Well, we had to go all the way to Barley to become acquainted with this saintly lady.

Margaret House, next to the church, is now a home for disabled folk and dementia sufferers. Parts of it closest to the church look quite old. Actually, they are not so ancient. Once the rectory, it underwent many modifications between 1831 and 1833, possibly following a fire. These were supervised and designed by Anthony Salvin (1799-1881), an expert in creating buildings in the mediaeval style (https://historicengland.org.uk/listing/the-list/list-entry/1347406). Since Salvin’s time, the older building has been joined to a far larger modern edifice.

Across the road from the church and at a lower altitude, we saw a beautiful Tudor building, the ‘Town House’, which was formerly Barley’s guildhall. Sadly, it was locked up. It would have been fascinating to enter this well-conserved (highly restored) building constructed in the early 16th century, but during this time of plague that was not possible. In addition to this fine edifice, a short walk through the village will take the visitor past plenty of fine examples of dwellings that were built in the 17th century or possibly earlier. Many of them have overhanging upper storeys and most of them have their own distinctive appearances.

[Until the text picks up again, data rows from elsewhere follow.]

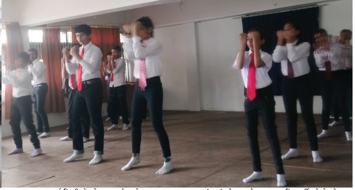
ગાંધીનગર, તા. ૩ એસ.જી.અંગ્રેજી માધ્યમ પ્રાથમિક શાળામાં આવેલ મહત્વની વસ્તુ હોલમાં ધોરણ-૮ વિદ્યાર્થીઓનો વિદાય સમારંભ યોજાયો. આ કાર્યક્રમમાં ધોરણ-૭ના વિદ્યાર્થીઓએ વિવિધ કાર્યક્રમ રજૂ કર્યા હતા. શાળાના આયોજન થયું હતું.
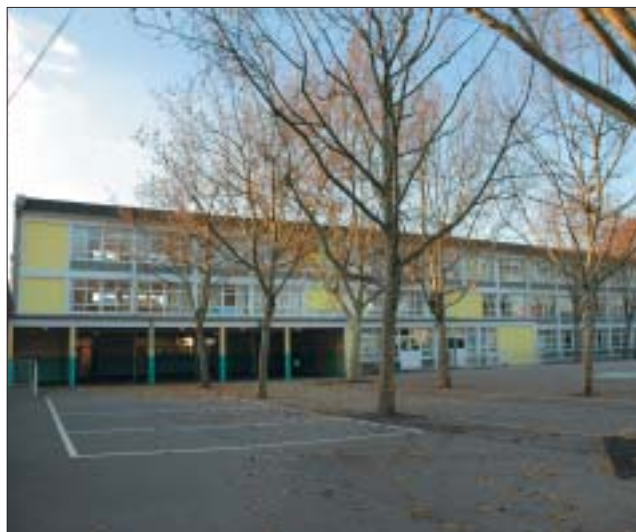
Le collège Vercingétorix.
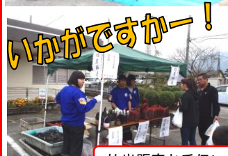
竹炭販売お手伝い
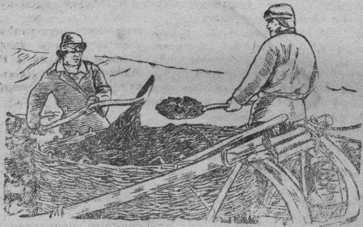
На снимке: Вывозка перегноя на поля колхоза „Красный остров“.

Звеньевод стахановец Б. К. Кривонос, колхоз „Красный остров“ усиленно готовится к получению высокого урожая, он уже собрал и вывез на свой участок перегноя — 415 возов, золы 155 центнеров, фекалий 25 центнеров и много других местных удобрений. Провел задержание снега, задержав снег на всем участке глубиной более 1-го метра.
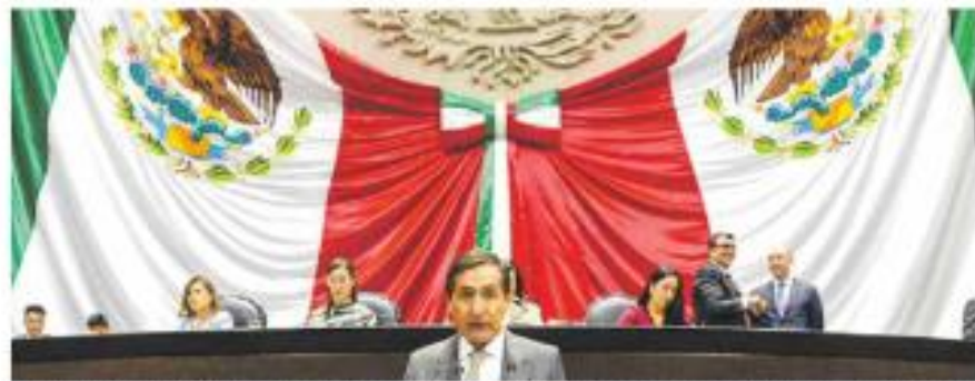
Comparecencia. El secretario de Hacienda dijo a diputados que la economía ya está 4.2% por arriba del nivel prepandémico.
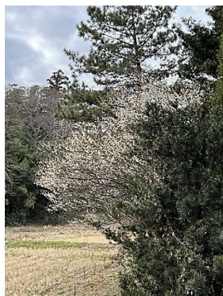
ここでも梅が咲いている
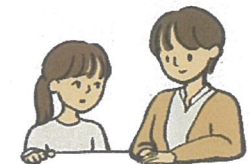
なやみのそうだん
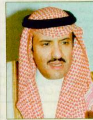
الامير سلطان بن سلمان □

□ لندن - الجزيرة نشأت شبكة التأهيل الدولية التي تتخذ من لندن مقراً لها بالمرور الرئيسي لصاحب السمو الملكي الامير سلطان بن سلمان بن عبدالعزيز في مسابقة مسودة «ميثاق الالفية» الجديدة، المبرور حالياً في الاجتماع رفيع المستوى الخاص بشبكة التأهيل الدولية والمتخذ حالياً في لندن ويستمر حتى التاسع من هذا الشهر وقلت ان ما قام به سمو الامير سلطان بن سلمان من اسهام في صياغة مسودة الميثاق سيكون له الاثر الكبير في مساعدة ملايين الناس في جميع أنحاء العالم على الهروب من شبح العجز والعلقة.
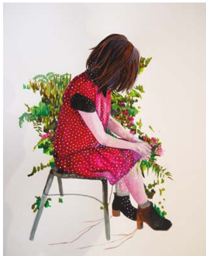
© Série «Esperan» - 75cmx65cm - aquarelle

Exposition jusqu'au 7 avril cabezaspizarro@orange.fr https://cabezaspizarro.wixsite.com/silviacabezaspizarro
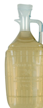
VINAIGRE DE VIN 50CL VINORTE
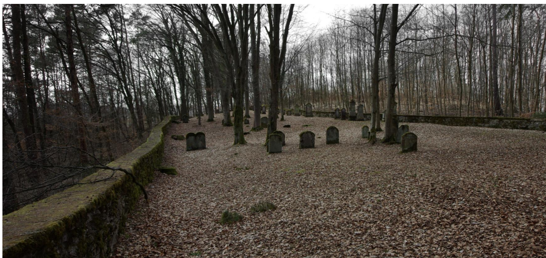
Jüdischer Friedhof, mit gemauerter Einfriedung, Grabsteine 18./19. Jh.

Der jüdische Friedhof liegt nordöstlich von Heiligenstadt im Waldstück „Im Köhlich“ dicht am Hang. Er hat eine Größe von über 2200 qm und wurde um 1700 angelegt. Die letzte Beisetzung erfolgte 1895.
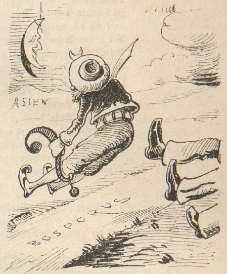
Den armen Sultan ermittelt,
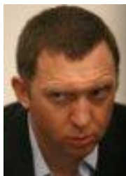
Олег Дерипаска Базовый элемент $ 18,6 млн.
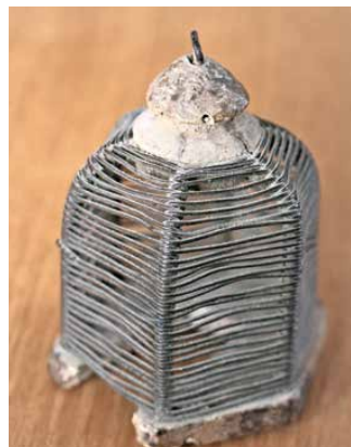
Originalna hišica za matice, matičnica iz Levstikovega obdobja

Čeprav je Bučelstvo napisal po mentorjevih izkušnjah in besedah, je iz pisanja razvidno, da je sam prebral nekaj takratne slovenske in nemške literature, čeprav je ni bilo

Barley is home to a family-run bus company called Richmonds. Many of their vehicles are parked either in an open space near to the Town House or another that contains a large garage with the name ‘HV Richmond’ above its entrance. Harold Victor Richmond, a former RAF pilot, acquired the fleet and premises of A Livermore in 1946, and his family has run the company since then (www.busandcoachbuyer.com/richmonds-coaches/). The bus garage is opposite a hostelry with a remarkable pub sign. The sign straddles the road. A beam running between two vertical supports is surmounted by painted silhouettes of a fox being chased by several hounds running ahead of two horses with their riders. Appropriately, the pub is called ‘The Fox and Hounds’. The fox is heading for the pub, which is what we did. Many years before us, the highwayman Dick Turpin (1705-1739) is supposed to have stayed at this establishment. The pub’s interior looks highly modernised. Michael G told me later that the original pub burnt down some years ago and what is seen today is a new building.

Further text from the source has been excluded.